Implementing such a naming scheme in the generator would require quite a bit of extra information about the equality of functions. In the past the generator included two naming schemes, one where all suffixes are kept while the other dropped all of them. After the introduction of the specification in xml format it became clear that the dropping version would generate many name clashes. Therefore it was disabled and later removed. The only naming scheme now available is to keep all extension names.

An example such a name clash is PRIMARY_COLOR and PRIMARY_COLOR_NV in the NV_path_rendering extension, which would both be mapped to gl_PRIMARY_COLOR while they have different numerical values. Furthermore there are also similar clashes that would prevent the generation of extension grouping modules.

Implementation

The generator can roughly be split in several steps.

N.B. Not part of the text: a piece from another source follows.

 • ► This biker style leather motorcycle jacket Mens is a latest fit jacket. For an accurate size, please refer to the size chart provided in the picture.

  1. Parsing of the specification files into a specific format (found in Spec.Parsing).
  2. Amending and filtering the specification. (found in Spec.Processing).
  3. Generating RawModules, a specification of the modules to be generated (found in the Modules namespace).
  4. Generating files from these RawModules (Currently done in Main and Code.ModuleCode).

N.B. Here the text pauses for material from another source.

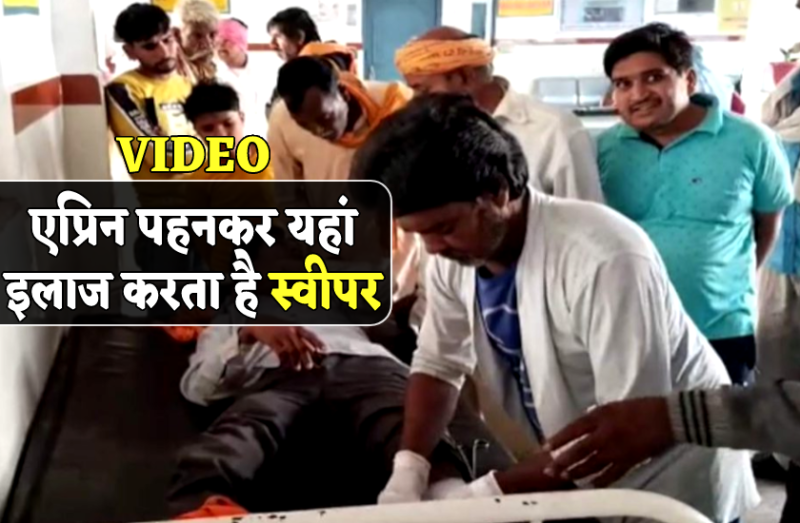 स्वास्थ केंद्र में एप्रिन पहनकर स्वीपर कर रहा इलाज, बोला- डॉ. नकल करके पास हुए, उन्हें कुछ नहीं आता,VIDEO

Apart from these steps there are several other modules,

  • Modules.Types Defines the types for the abstract modules.
  • Spec.RawSpec Defines the types for working with the original specification.
  • Main.Options Defines the commandline options.
  • Main.Monad Defines the RawGen monads that distribute the options and does the error handling.

1. Parsing

The implementation is based around the .spec files from the OpenGL registry which provide a source of all function and enumerations in use. The files are parsed by a separately packaged spec parser.

2. Processing

The further processing is relatively simple. As the amount of extensions is quite large there is the possibility to exclude them based on vendor. Therefore a file (novendor) is used to filter the categories.

3. RawModule generating

The translation from the specification to code is done via RawModule, which specify the contents of a module in the final OpenGLRaw. This extra layer is added to separate the logic creating the contents from the actual templates used to generate the code. In addition these intermediate forms can be used to generate other output. Different types of modules to generate have all there own module,

  • Modules.Types Defines the RawModule and associated types.
  • Modules.Builder represents the builder monads used to generate them.
  • Modules.Compatibility has some functions for generating modules that are no longer present in the new file structure.
  • Modules.GroupModule has builders for modules that group other modules together to reexport them for easy imports (e.g. for Core and vendor modules).
  • Modules.Module makes the actual enumeration and functions.
  • Modules.Raw binds all the modules together to generate the full OpenGLRaw.

4. Generating output

The RawModules are used to generate to forms of output.

  • The real haskell modules are generated using the template from Code.ModuleCode.
  • Two listings specifying the internal modules (other-modules field in cabal) in modulesI.txt and the external modules (exposed-modules in cabal) in modulesE.txt.
  • The interface, which describes what each module defines, useful to lookup where a piece (function or enum) has been defined and what its haskell name and type are.

Dependencies

The generator has some quite some dependencies, of which some are managed by using git submodules. The current submodules are

  • CodeGenerating to add some extra functions to haskell-src-exts for generating source code.
  • opengl-xml the parser for the xml specification.
  • OpenGLRawgenBase basic types also used in the interface, which could be used without the generator. This also includes the interface reader and writer.

To simplify the installation (for both users and travis CI) there is a dependecy installation script depsinstall.sh. This should be invoked with your favorite cabal command e.g. ./depsinstall.sh cabal or ./depsinstall.sh cabal-dev. Doing so will update the git submodules and install all the dependencies.